> _Task goal_:
Take nothing but the lines from the one with "3pcs Tassel Charm Beaded Bracelet" through the one with "The most amazing, floaty-wide-leg" in the entries below, both ends kept, and return them exactly with pictures left out.

> _Given information_:
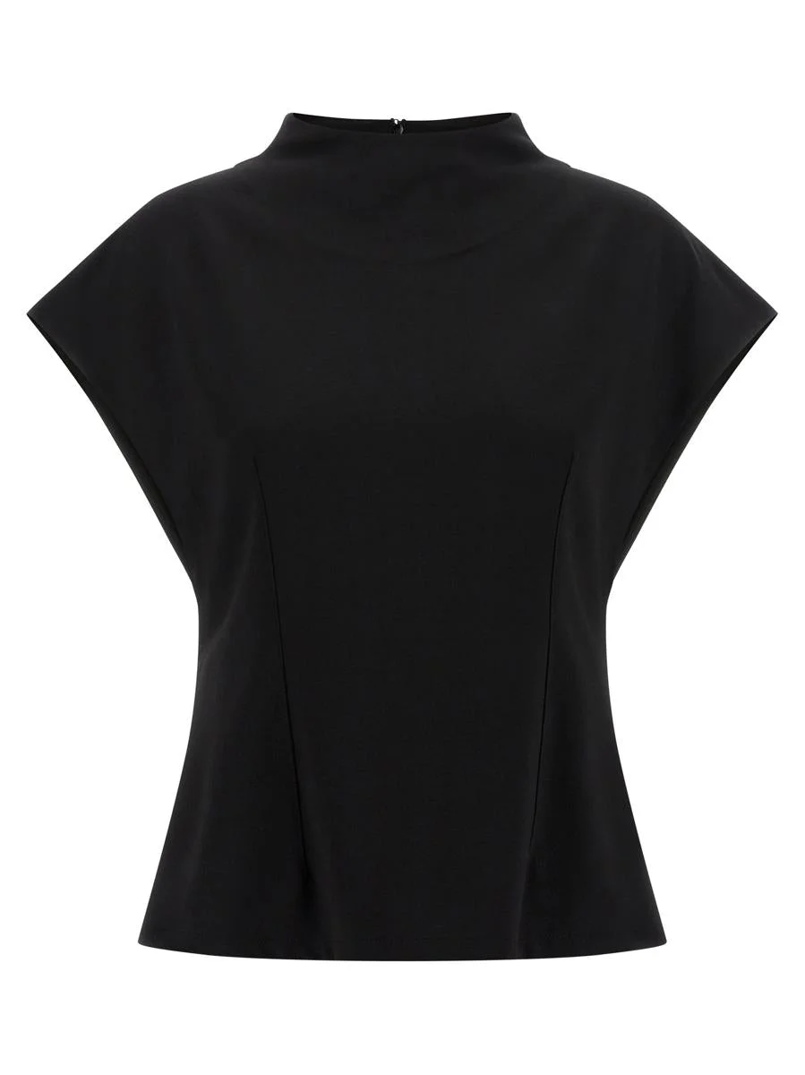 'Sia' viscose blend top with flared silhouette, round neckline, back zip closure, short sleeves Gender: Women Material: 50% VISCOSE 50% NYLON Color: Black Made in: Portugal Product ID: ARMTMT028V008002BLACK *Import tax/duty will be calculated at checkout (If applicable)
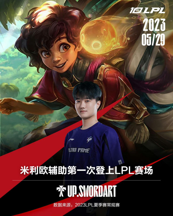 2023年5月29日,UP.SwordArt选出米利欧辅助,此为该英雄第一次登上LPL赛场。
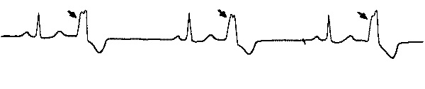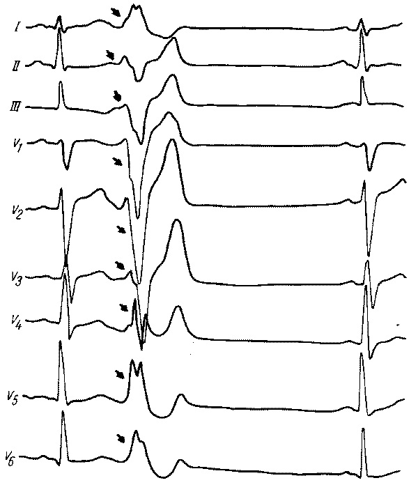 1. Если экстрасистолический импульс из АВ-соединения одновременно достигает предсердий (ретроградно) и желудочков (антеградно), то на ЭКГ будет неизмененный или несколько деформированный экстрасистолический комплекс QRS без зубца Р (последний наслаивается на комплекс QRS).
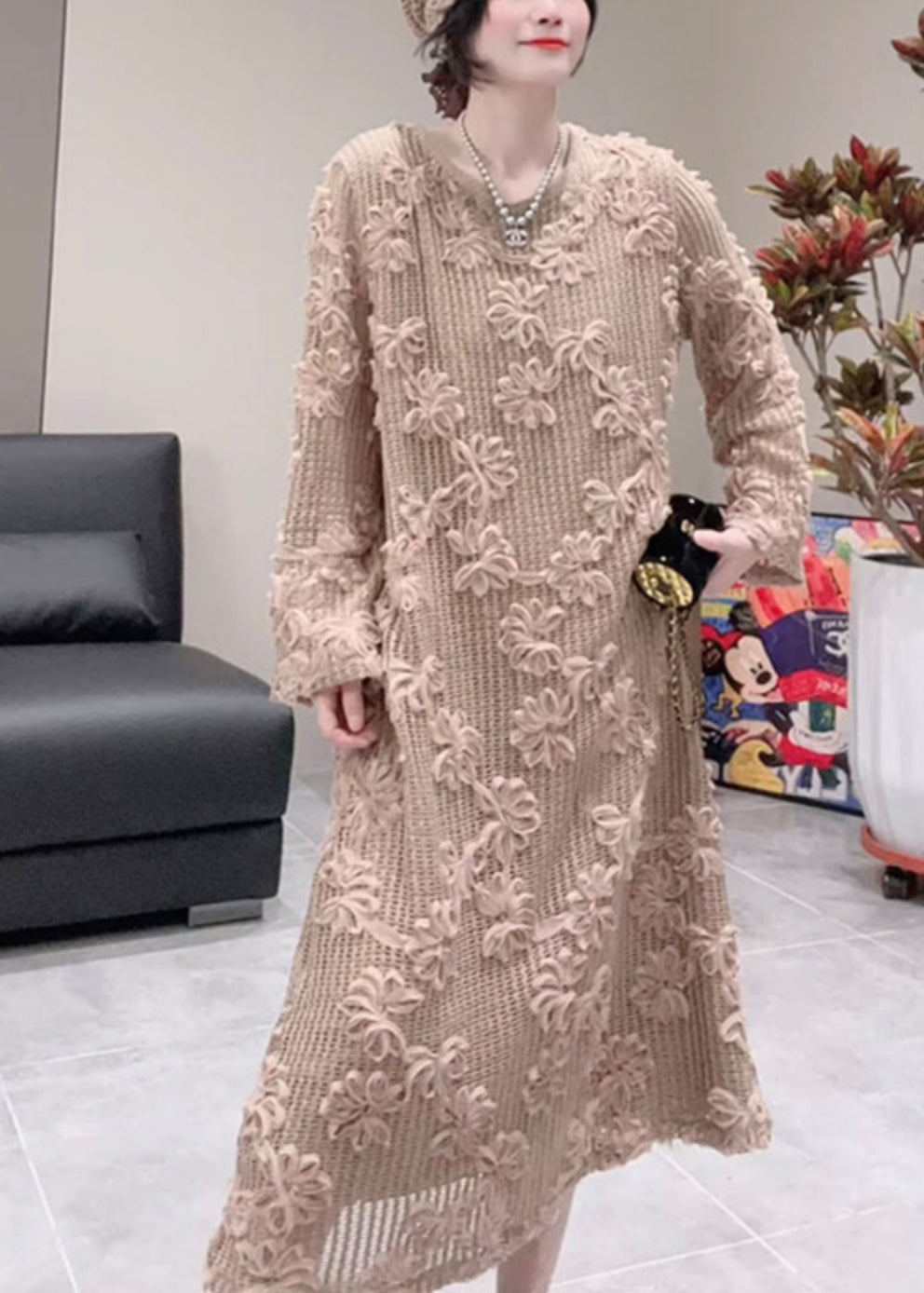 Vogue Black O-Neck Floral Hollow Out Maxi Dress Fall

...

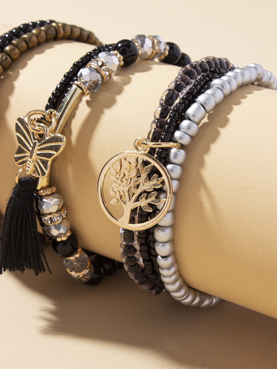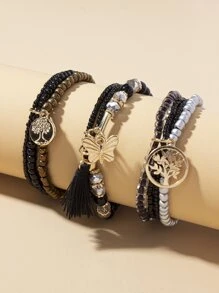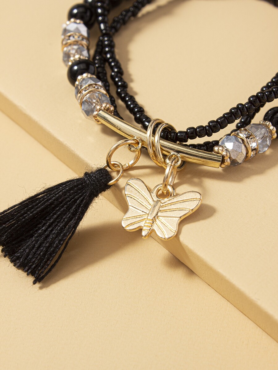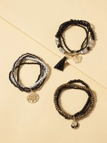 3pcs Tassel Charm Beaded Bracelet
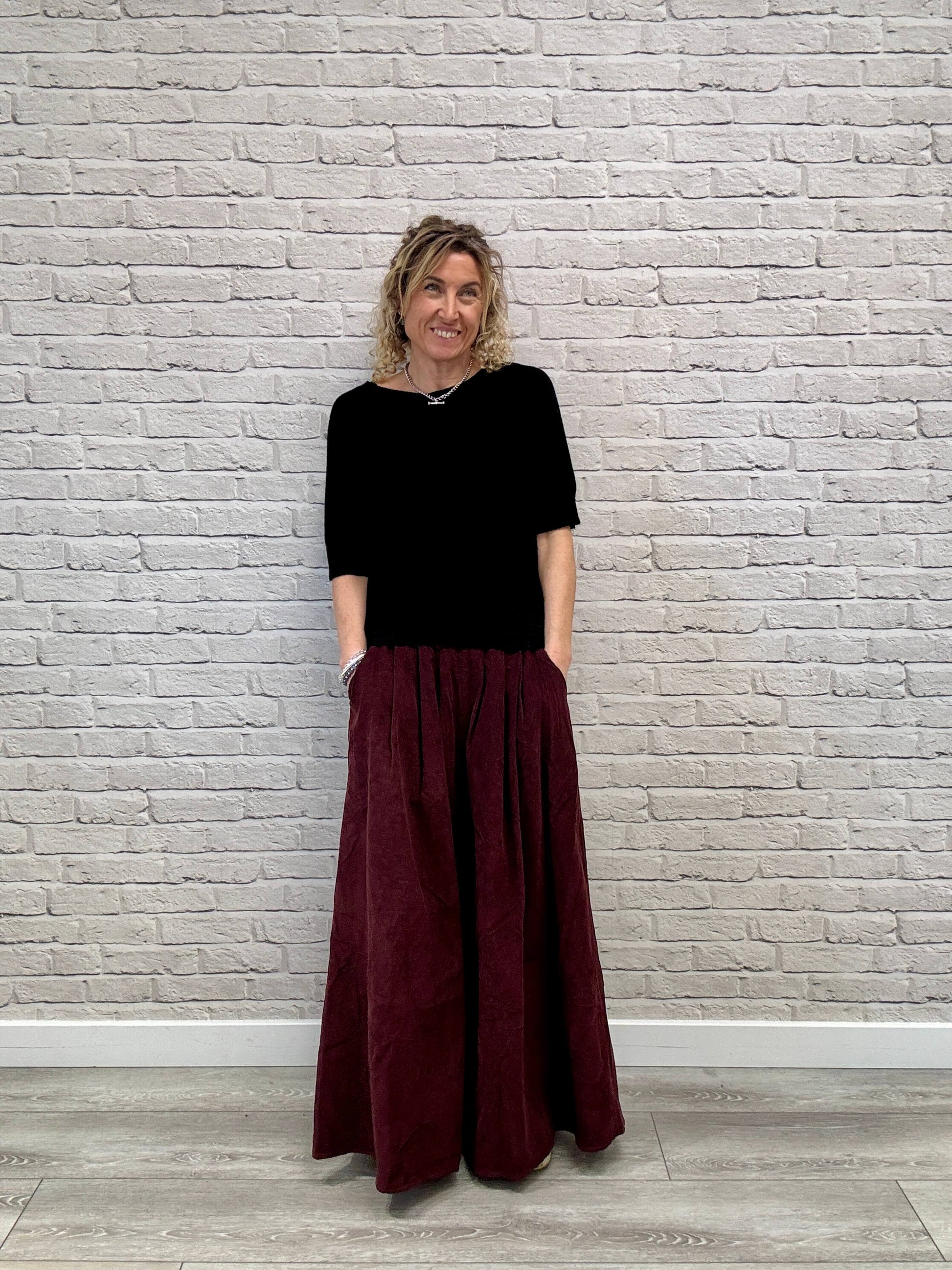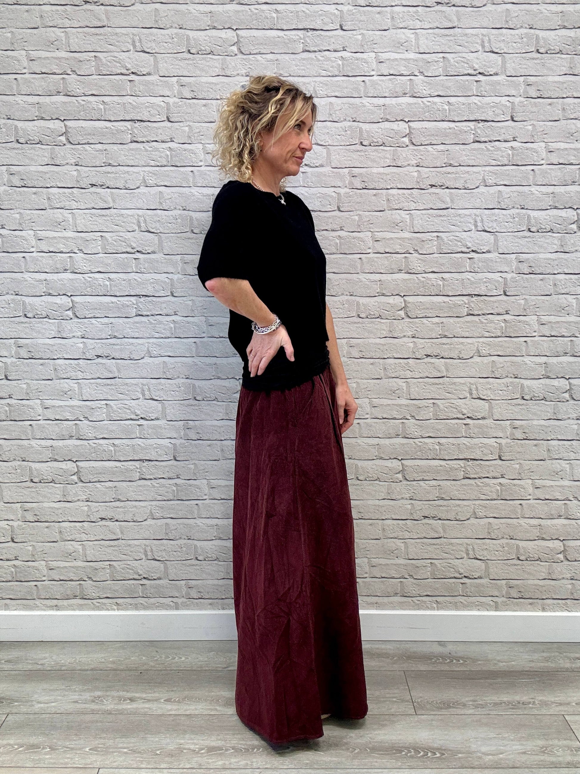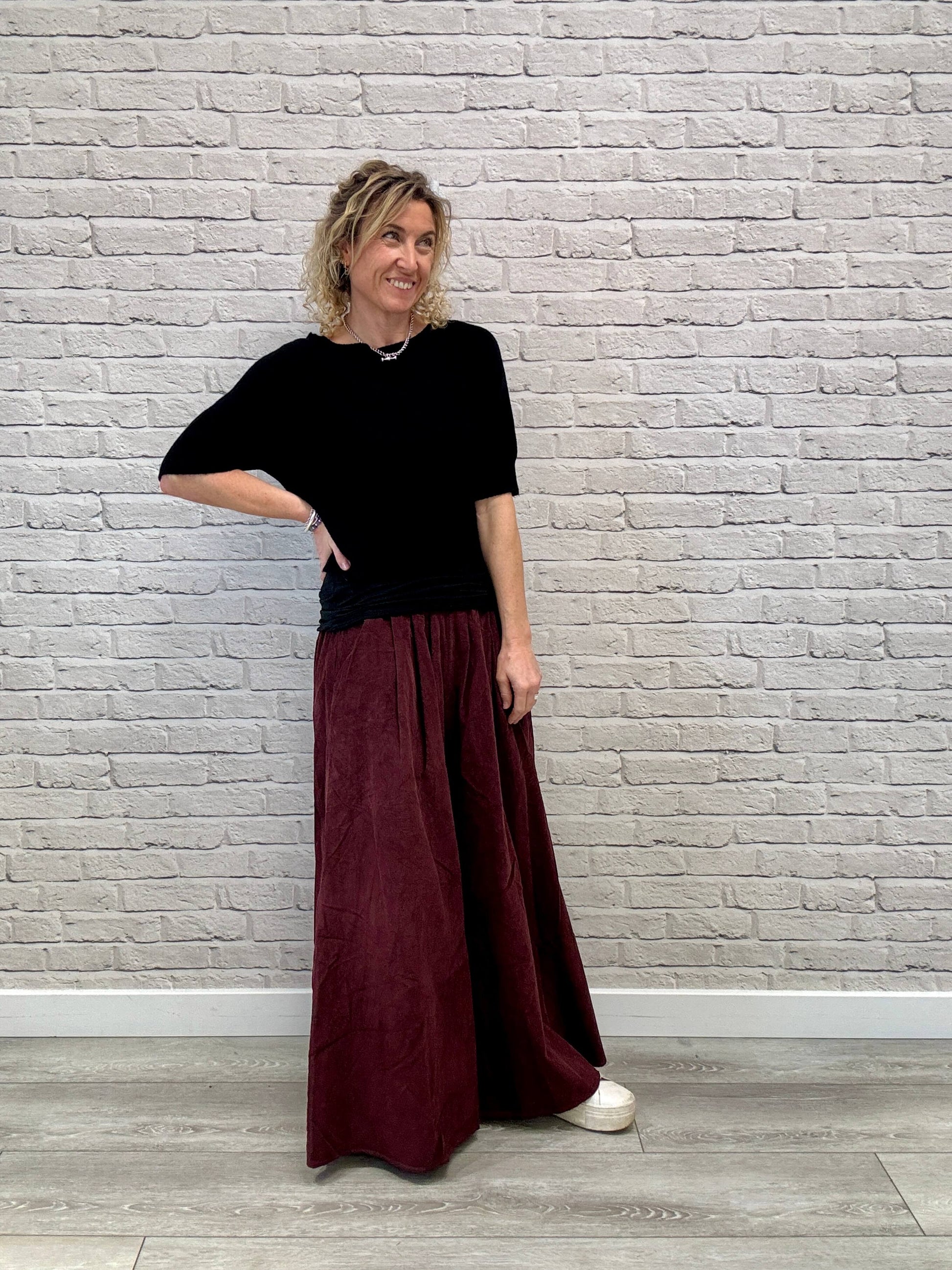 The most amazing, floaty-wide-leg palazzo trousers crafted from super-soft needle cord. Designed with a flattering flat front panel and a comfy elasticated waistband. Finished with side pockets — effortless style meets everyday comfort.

> _Response area_:
 3pcs Tassel Charm Beaded Bracelet
 The most amazing, floaty-wide-leg palazzo trousers crafted from super-soft needle cord. Designed with a flattering flat front panel and a comfy elasticated waistband. Finished with side pockets — effortless style meets everyday comfort.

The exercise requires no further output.